**WHAT YOU HAVE TO DO**
Line by line, repeat the data below exactly, beginning at the first line and ending at the line with "В парке Группы Аэрофлот 352". Omit pictures.

**INFORMATION SUPPLIED**

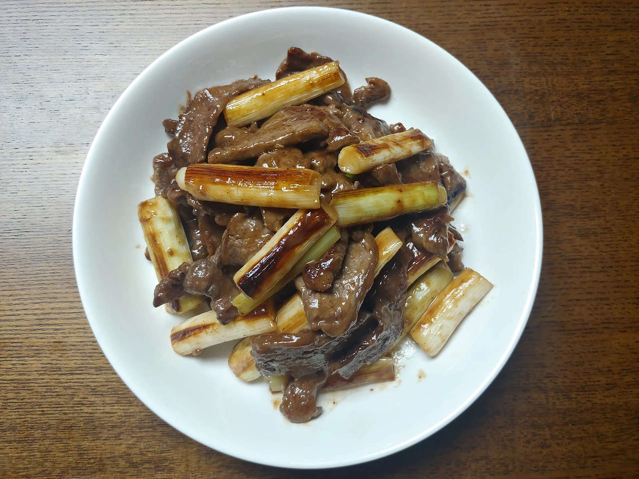 오늘 곁들이는 술은 안동소주인데요. 원래 알코올 도수가 40도가 가까운 게 안동소주라서 마시기 힘들었거든요. 근데 마트에서 21도짜리 안동소주가 있어서 사 왔어요. 대파 소고기 볶음은 간이 짭짤해서 밥과 먹어도 맛있었지만 이렇게 소주에 곁들이는 안주로도 정말 잘 어울렸어요. 불고기 향이 나는 듯 부드러운 소고기에 달콤한 대파 구이가 부드럽게 씹히거든요. 소고기는 매번 구워서 기름장이나 쌈장에 찍어먹었는데 이렇게 대파와 함께 구워서 먹는 것도 색다르고 좋아요.
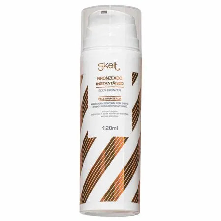 O Bronzeado Instantâneo Skelt não contém ativos autobronzeadores permanentes, sendo uma maquiagem corporal de efeito temporário, desenvolvida para oferecer resultado imediato e natural.
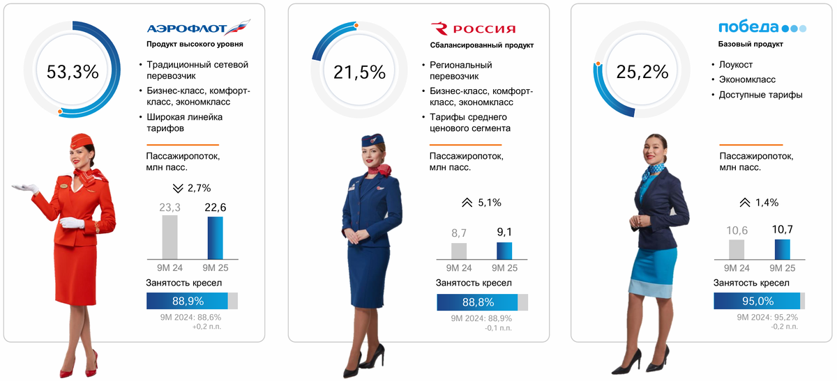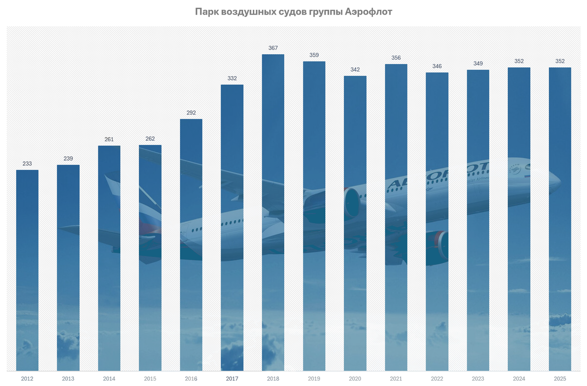 В парке Группы Аэрофлот 352 пассажирских самолётов по состоянию на сентябрь 2025 года. Если брать с грузовыми, то 360. Также надо иметь в виду, что Группа Аэрофлот – это непосредственно сам Аэрофлот, это Россия и это Победа.
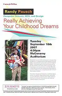 "Really Achieving Your Childhood Dreams" (also called "The Last Lecture"[1]) was a lecture given by Carnegie Mellon University computer science professor Randy Pausch on September 18, 2007,[2] that received widespread media coverage, and was the basis for The Last Lecture, a New York Times best-selling book co-authored with Wall Street Journal reporter Jeffrey Zaslow.[3] Pausch had been diagnosed with pancreatic cancer in September 2006. On September 19, 2006, Pausch underwent a pancreaticoduodenectomy to remove the malignant tumor from his pancreas.[4] In August 2007, doctors discovered that the cancer had recurred. Pausch was given a terminal diagnosis and told to expect that three to six months of good health remained.[5]

**ANSWER FOR THIS EXERCISE**
 오늘 곁들이는 술은 안동소주인데요. 원래 알코올 도수가 40도가 가까운 게 안동소주라서 마시기 힘들었거든요. 근데 마트에서 21도짜리 안동소주가 있어서 사 왔어요. 대파 소고기 볶음은 간이 짭짤해서 밥과 먹어도 맛있었지만 이렇게 소주에 곁들이는 안주로도 정말 잘 어울렸어요. 불고기 향이 나는 듯 부드러운 소고기에 달콤한 대파 구이가 부드럽게 씹히거든요. 소고기는 매번 구워서 기름장이나 쌈장에 찍어먹었는데 이렇게 대파와 함께 구워서 먹는 것도 색다르고 좋아요.
 O Bronzeado Instantâneo Skelt não contém ativos autobronzeadores permanentes, sendo uma maquiagem corporal de efeito temporário, desenvolvida para oferecer resultado imediato e natural.
 В парке Группы Аэрофлот 352 пассажирских самолётов по состоянию на сентябрь 2025 года. Если брать с грузовыми, то 360. Также надо иметь в виду, что Группа Аэрофлот – это непосредственно сам Аэрофлот, это Россия и это Победа.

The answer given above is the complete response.